Why is Bleaching Essential?
- Achieve Desired Whiteness: The primary goal is to achieve a uniformly high degree of whiteness, which is critical for white finished goods (e.g., bed sheets, medical textiles) or as a base for light and bright dye shades.
- Remove Natural Coloring Matter: Natural fibers like cotton contain natural pigments (e.g., gossypol in cotton) that give them a yellowish or brownish tint. These pigments are largely resistant to scouring and need to be chemically altered.
- Improve Color Brilliance: A perfectly white base allows dyes to achieve their true brilliance and luminosity. Any residual yellow will shift the perceived hue of a pastel or bright color.
- Ensure Uniformity: Bleaching helps to achieve uniform whiteness across the fabric, which translates to better level dyeing later.
- Final Cleaning: While not its primary purpose, bleaching also contributes to the removal of any remaining trace impurities.
2. Chemistry of Bleaching Agents (for Cellulosic Fibers)
Bleaching agents are oxidizing or reducing agents that chemically react with the chromophoric (color-imparting) groups of the natural pigments, breaking them down into colorless compounds. For cellulosic fibers like cotton, oxidizing agents are predominantly used.
a) Hydrogen Peroxide (H2O2):
- Most Common and Preferred: Hydrogen peroxide is by far the most widely used bleaching agent for cotton and other cellulosic fibers due to its effectiveness, environmental friendliness (its byproducts are water and oxygen), and the high quality of whiteness it produces.

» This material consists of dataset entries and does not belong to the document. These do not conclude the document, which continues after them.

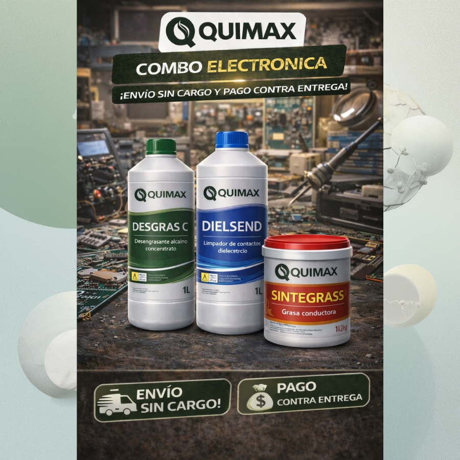 Asegurá el funcionamiento perfecto de tus equipos y tableros con el Combo Electrónica de QUIMAX. Tres productos técnicos diseñados para limpiar, proteger y garantizar la máxima conductividad. 👇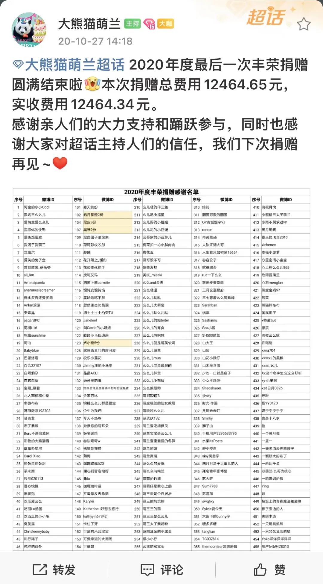 最后一次捐赠的捐赠者名单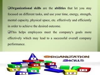 Organizational skills, controlling, supervising, and problem solving are important managerial functions. Controlling involves establishing standards, measuring performance against standards, comparing actual performance to standards, and taking corrective actions when needed. Supervision provides guidance to subordinates and ensures work is done according to plans. Problem solving is crucial for entrepreneurs and involves critical thinking, creativity, initiative, persistence, flexibility, and self-discipline. It also means identifying problems first, staying calm, working from general to specific, adapting, delegating, measuring outcomes, and reflecting.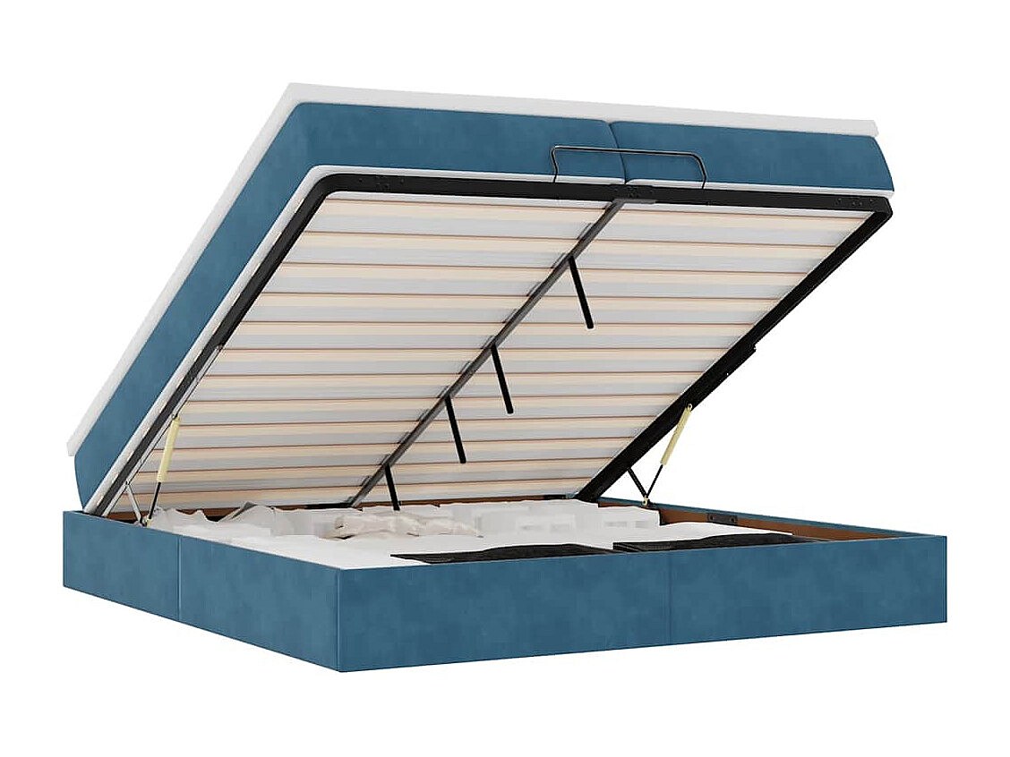 Estrutura de cama otomana com colchão azul escuro Veludo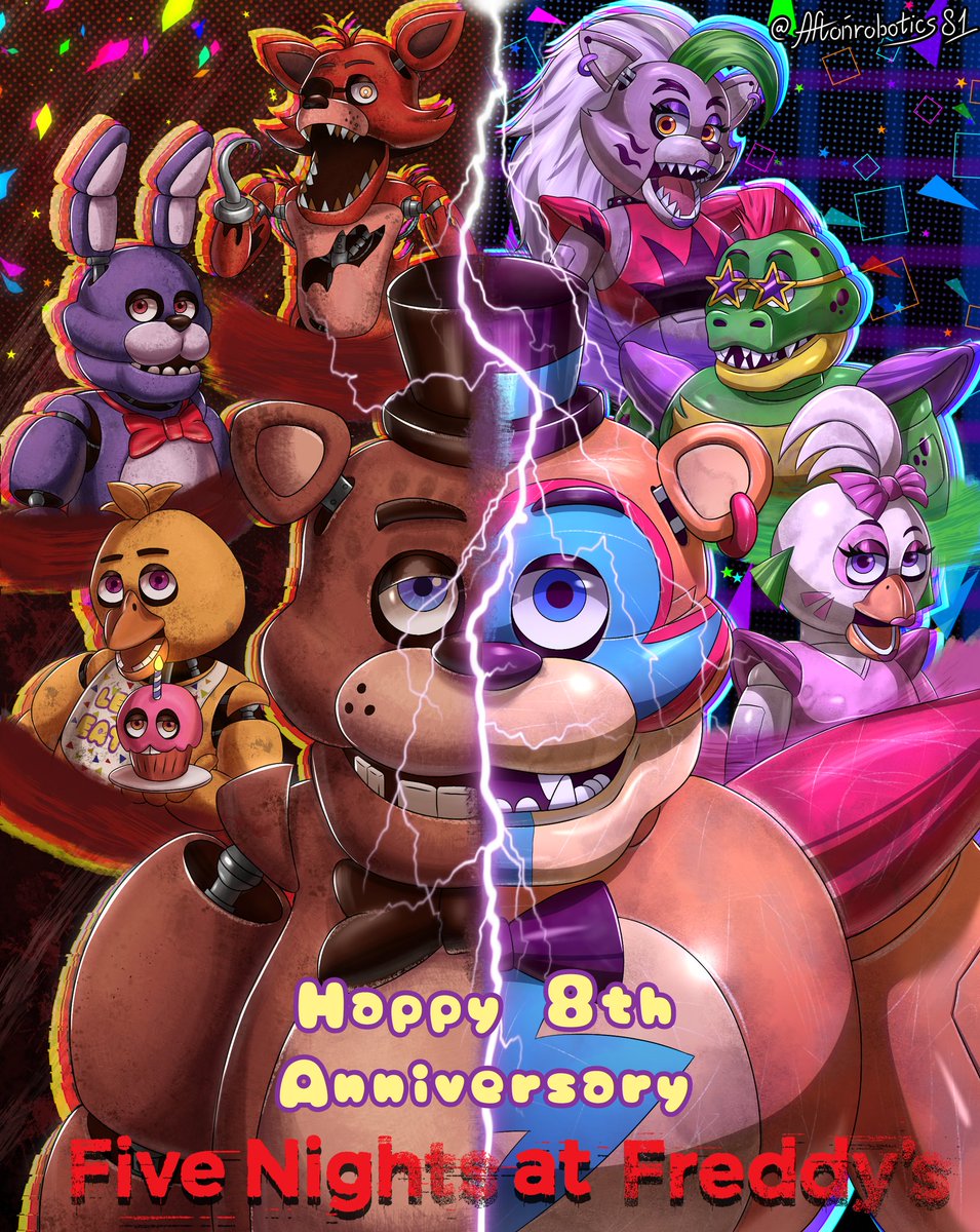 Happy 8th Anniversary! 🐻🐰🐤🦊 During these eight years, my love for this franchise has only grown. I can't believe it's been 8 years since the first chapter of fnaf was published :) #fnafsecuritybreach #fnaf #fnaffanart #fnafanniversary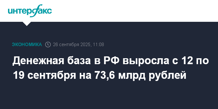 Денежная база в РФ выросла с 12 по 19 сентября на 73,6 млрд рублей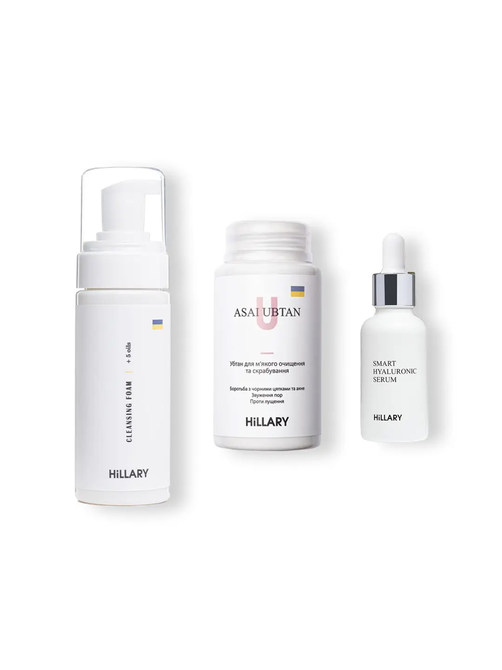 Доглядовий набір для нормального типу обличчя дбайливо очистить та зволожить шкіру завдяки органічним засобам, що входять до набору. Очищуюча пінка для нормальної шкіри з 5-ма оліями із сумішшю 5 олій створює речовину, подібну до ліпідного прошарку, що скріплює корнеоцити – клітини, що утворюють ороговілий шар шкіри, не шкодить мікробіому, підсилює ліпідобар’єр та зберігає природний Ph-баланс шкіри, ретельно розчиняє та видаляє навіть найстійкіший макіяж, надає шкірі обличчя приємного відтінку та вирівнює тон. Убтан для м'якого очищення і скрабування ASAI UBTAN глибоко очищає пори, усуває запальний процес, зволожує, не сушить шкіру, ніжно і дбайливо очищає її, не викликає подразнень чи будь-яких неприємних відчуттів, сприяє зменшенню постакне і пігментації а також не порушує мікробіом шкіри. А гіалуронова сироватка зволожує глибокі шари шкіри, попереджає старіння і відроджує молодість шкіри, відновлює і захищає, утримує вологу всередині шкіри, помітно скорочує зморшки, підтягує шкіру і надає їй сяйва. Під час масажу, властивості гіалуронової сироватки значно підсилюються. До набору входять: Очищуюча пінка для нормальної шкіри Hillary Cleansing Foam + 5 oils, 150 мл; Убтан для м'якого очищення і скрабування Hillary ASAI UBTAN, 100 г; Гіалуронова сироватка Hillary Smart Hyaluronic, 30 мл. Спосіб застосування: Невелику кількість пінки нанесіть на вологе обличчя легкими масажним рухами, ретельно промийте обличчя водою. Невелику кількість порошку убтану насипте у долоню, додайте трохи води і розведіть до пастоподібного стану. Нанесіть на вологу шкіру, обережно розподіліть по всьому обличчю, помасажуйте і змийте. Можна застосовувати двічі-тричі на тиждень. Нанесіть масажними рухами невелику кількість сироватки на чисту, вологу шкіру обличчя, шию і зону декольте. Застереження: Натуральна косметика не є гіпоалергенною. За 24 години до застосування проведіть алергопробу на згині ліктя.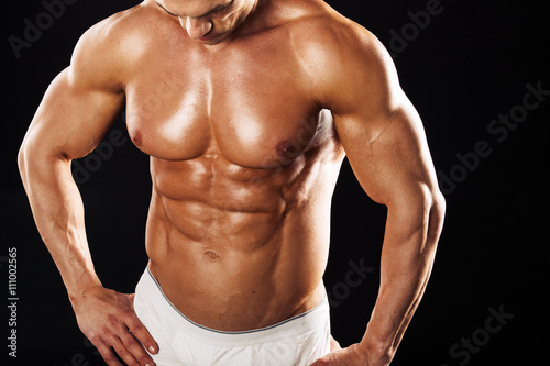Fototapeta premium Strong Athletic Man showing muscular body over black background.Muscular man...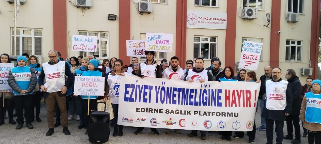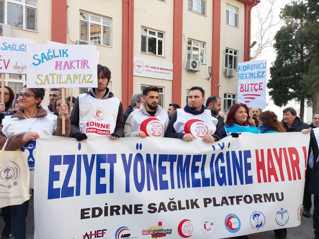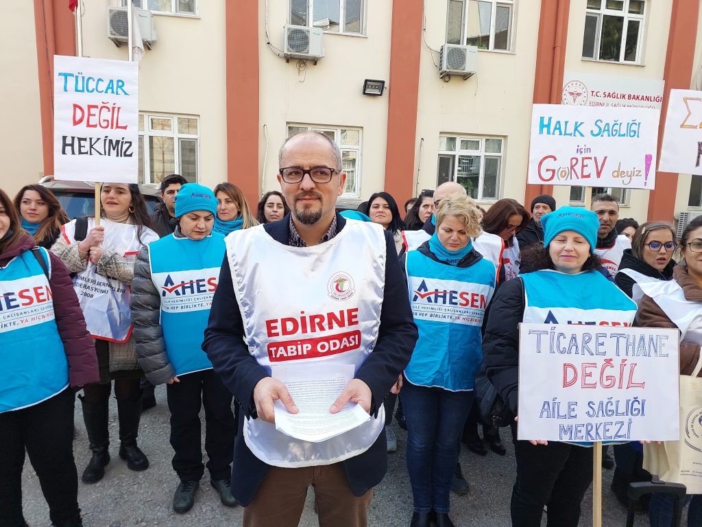 Aile hekimleri tarafından Türkiye genelinde 6-10 Ocak tarihleri arasında iş bırakma eylemi, bugün başlatıldı. Sağlık Bakanlığı’nın hazırladığı performansa dayalı yeni "Aile Hekimliği Ödeme ve Sözleşme Yönetmeliği"ni protesto etmek için 3’üncü kez başlatılan eylem kapsamında, Edirne İl Sağlık Müdürlüğü önünde basın açıklaması gerçekleştirildi. Edirne Aile Hekimleri Derneği Başkanı Dr. Taylan Önal; “Taleplerimiz gerçekleşene kadar çeşitli eylem ve etkinliklerle sağlık otoritesini harekete geçme konusunda zorlamaya devam edeceğimizi, sonuç alıncaya kadar vazgeçmeyeceğimizi tüm kamuoyuna bildiriyoruz” dedi.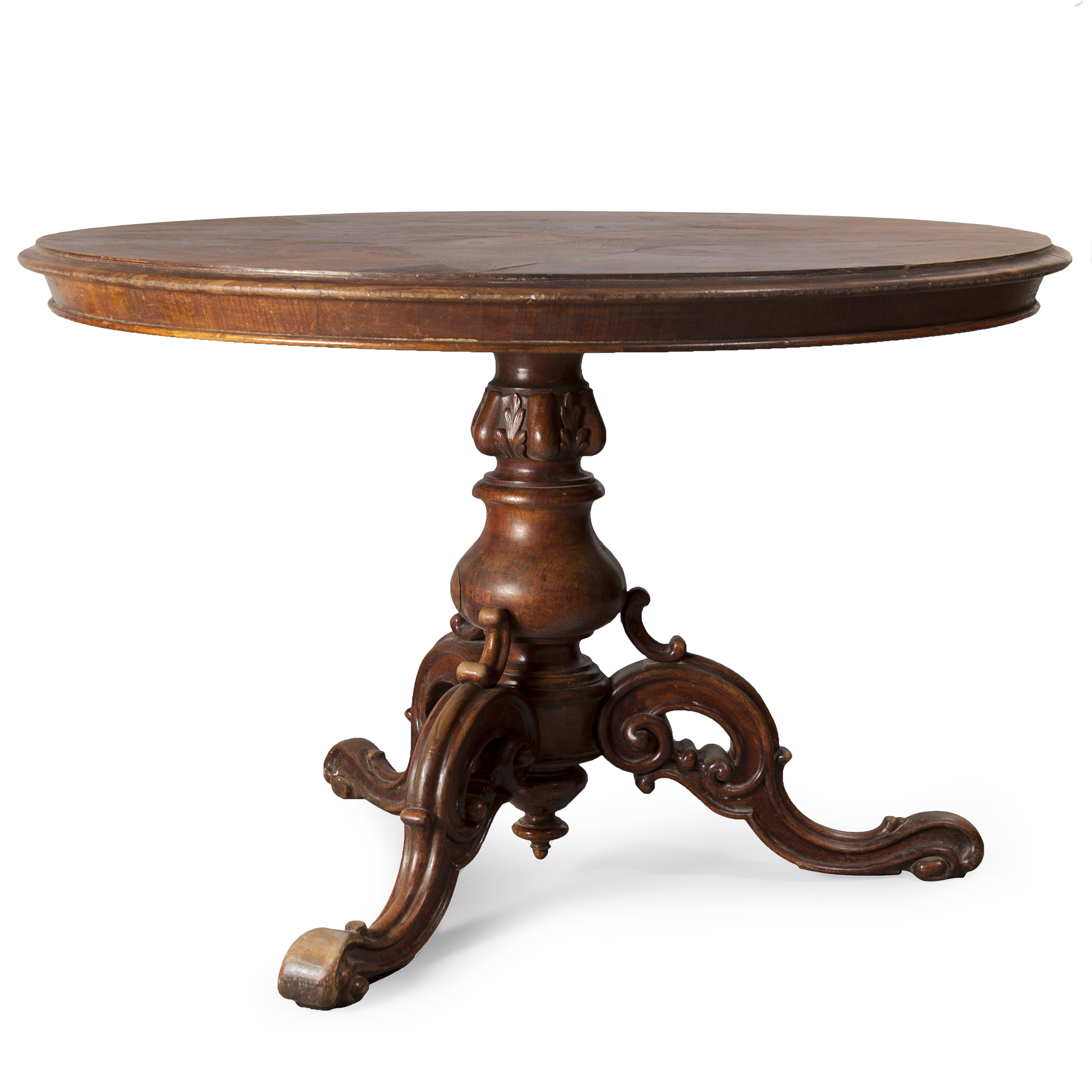 Стол для гостиной. Дуб, резьба, полировка, точение, Европа, начало ХХ века, высота - 75 см, диаметр - 115 см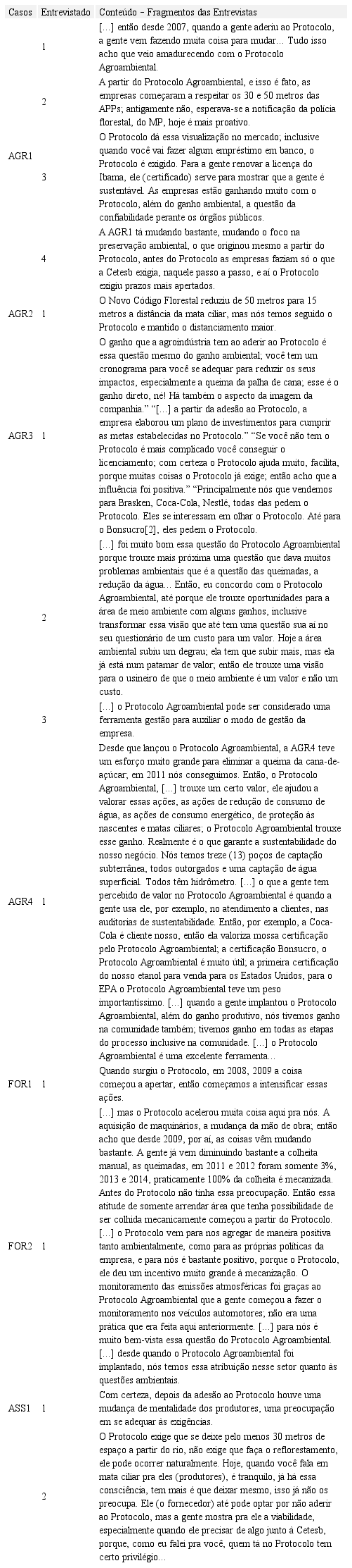 Esta pesquisa objetivou apurar a influência do Protocolo Agroambiental no processo de gestão ambiental empresarial, a partir da percepção dos gestores das agroindústrias e fornecedores situados na mesorregião de Assis-SP. Embora tenham sido entrevistados dezenove profissionais de todos os casos estudados (Quadro 4), para o alcance do objetivo proposto para esta pesquisa foi suficiente a análise de excertos de entrevistas de treze gestores ambientais, distribuídos entre todas as unidades pesquisadas (Quadro 5).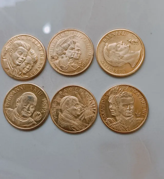 Dettagli del prodottoLotto di 6 medaglie commemorative con effigi di personaggi storici.
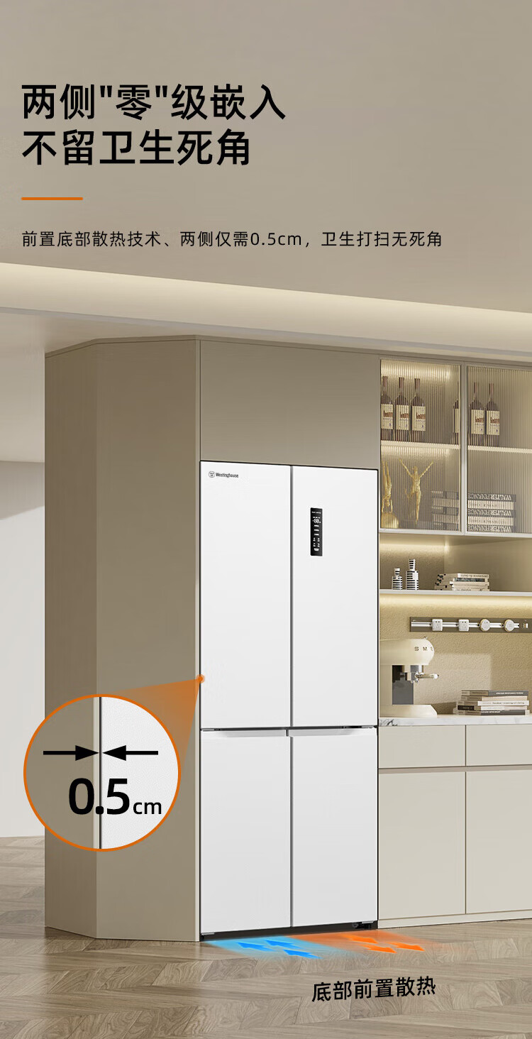 【西屋】60cm薄476升零嵌亲肤玻璃面板无指纹83l宽幅变温室-32度深冷速冻十字双开四开门超薄嵌风冷无霜一级变频电冰箱BCD-WF476G700W典雅白/WF476G700G典雅灰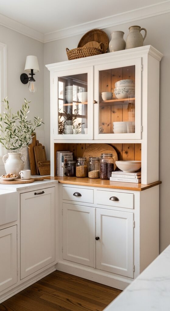 How to get it: Look for a hutch no deeper than 18 to 20 inches if walkway space is tight. Keep the cabinet interior edited—pantry jars below, prettiest bowls and boards above—so the piece feels useful, not crowded.

- Mechanism: In alkaline conditions (typically pH 10-11.5), hydrogen peroxide decomposes to release nascent oxygen (O) and hydroxyl radicals (OH⋅), which are powerful oxidizing species. These species attack the conjugated double bonds of the chromophoric impurities, breaking them down into smaller, colorless, and water-soluble compounds. H2O2Alkali
H2O+O (Nascent Oxygen) H2O2Alkali
HOO−+H+ HOO−
OH⋅+O2+e− These highly reactive species then react with the natural pigments.
- Components of a Peroxide Bleaching Bath:
- Hydrogen Peroxide (H2O2): The active bleaching agent.
- Alkali (e.g., NaOH): Activates the peroxide and maintains the required pH for its decomposition and effectiveness.
- Stabilizers: Crucial to control the decomposition rate of hydrogen peroxide. Without stabilizers, peroxide decomposes too rapidly, leading to wasted chemical, uneven bleaching, and severe fiber damage (oxy-cellulose formation). Common stabilizers include sodium silicate (water glass), organic stabilizers (e.g., polyaminocarboxylic acids, phosphates). They function by complexing metal ions (which catalyze peroxide breakdown) and by buffering the pH.
- Wetting Agents/Surfactants: To ensure uniform penetration of the bleaching liquor into the fabric.
- Sequestering Agents: To chelate metal ions that can catalyze peroxide decomposition and cause fiber damage. (Often, these are part of the stabilizer package).
b) Sodium Hypochlorite (NaOCl, Chlorine Bleach):
- Older Method: Historically, hypochlorite was widely used, particularly for cotton.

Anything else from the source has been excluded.